I am not sure about my major but am interested in the health sciences – should I still think about participating in the Galileo Learning Community?
Definitely! If you are interested in the health sciences and/or a career in the medical sciences but still not sure about your major or potential career interests being a part of the learning community is a great way to answer those questions. A major focus of the learning community is helping students determine what major best suits them, health/medical science related or not.
I requested the Galileo Learning Community, but I wasn't placed in it – why not?

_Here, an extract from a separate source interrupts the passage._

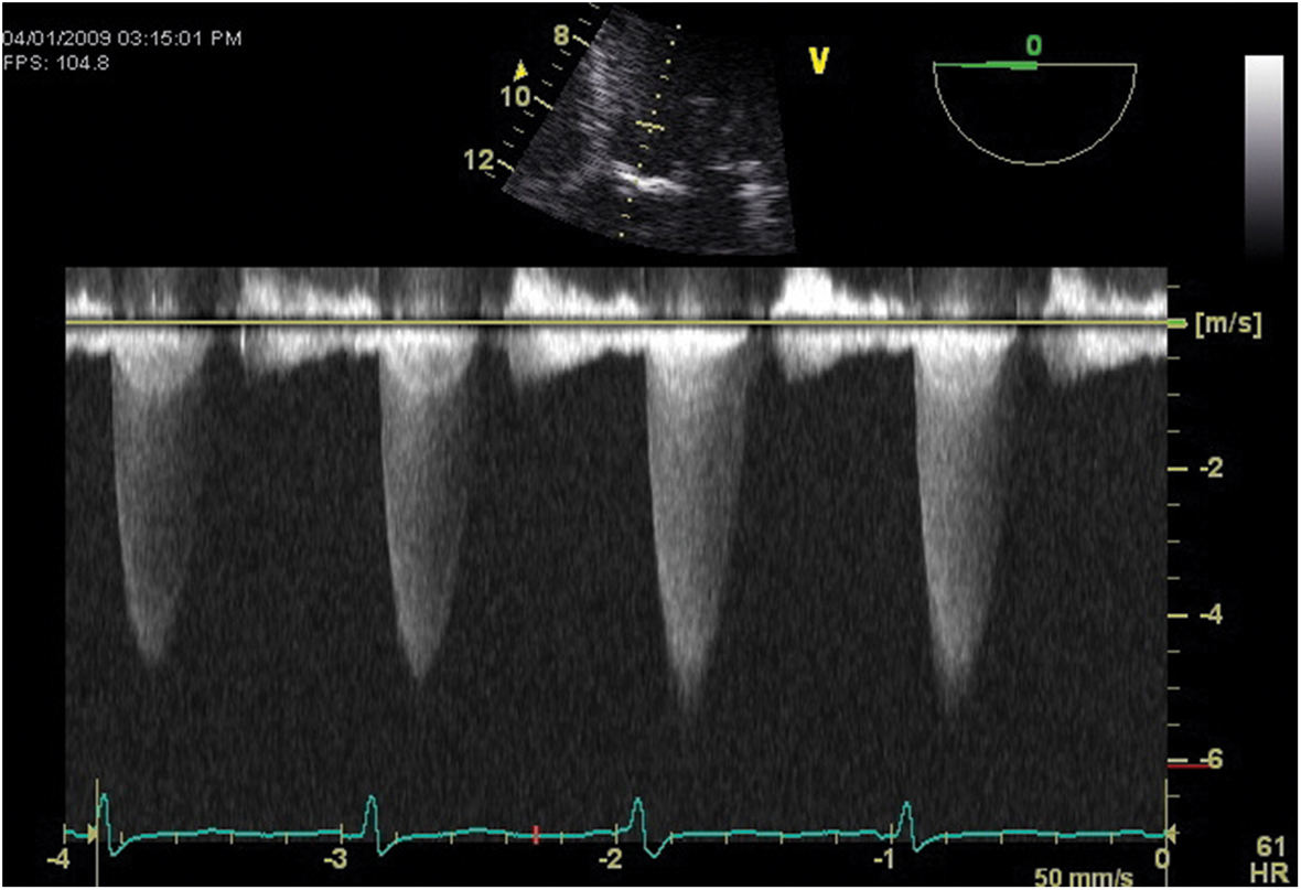 Continuous-wave Doppler across the aortic valve in the deep transgastric apical view from a patient with severe aortic stenosis.

The Galileo Learning Community is geared towards students with interests in the health sciences or careers in the medical sciences. The most common reason why students are not placed in the Galileo Learning Community is that their interests don’t mesh with the community’s focus on the health/medical sciences. Separately, there are only 100 (75 residents, 25 commuters) spaces for the Galileo Learning Community. If you expressed interest in the learning community after those spaces were filled we will put you on a waiting list and keep in contact with you should a space open up.
Students are given priority for placement in the Galileo Learning Community based on the date their request for joining the program is received by the Coordinator of the LC (Andrew Schroeder, firstname.lastname@example.org), Admissions, and/or Residence Life Office. It's important to apply for this program as early as possible.

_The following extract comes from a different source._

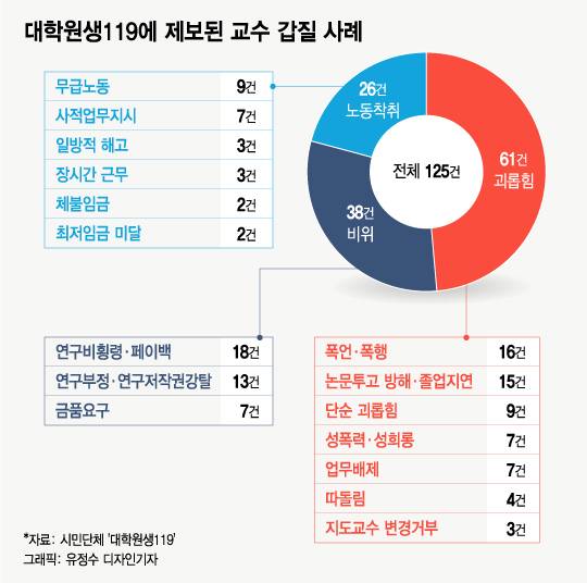 6일 교수 갑질 근절을 위한 시민단체 '대학원생119'에 따르면 올해 1월7일부터 지난 5일까지 최근 5개월 동안 접수받은 '교수 갑질' 제보는 61차례, 125건에 달한다.

Another reason why a student may not have been placed in the Galileo Learning Community is due to ACT/SAT scores. In advising first semester nursing and health science students, Bellarmine reviews a student’s academic transcript and ACT/SAT scores. Students with standardized scores and/or high school grades in sciences below our recommended level will be advised to wait until the spring semester of their first year to take Human Anatomy & Physiology I (Biology 108). Since Biology 108 is a key component of the fall semester of the Galileo Learning Community it would inappropriate to place these students in the learning community.
How will I know if I was accepted into the Galileo Learning Community?
Students will receive confirmation by mail from the Galileo Learning Community Coordinator within two weeks after their requests have been received. This confirmation will provide information indicating if the student has been officially accepted into the program or if they will be placed on the waiting list contingent on a space becoming available.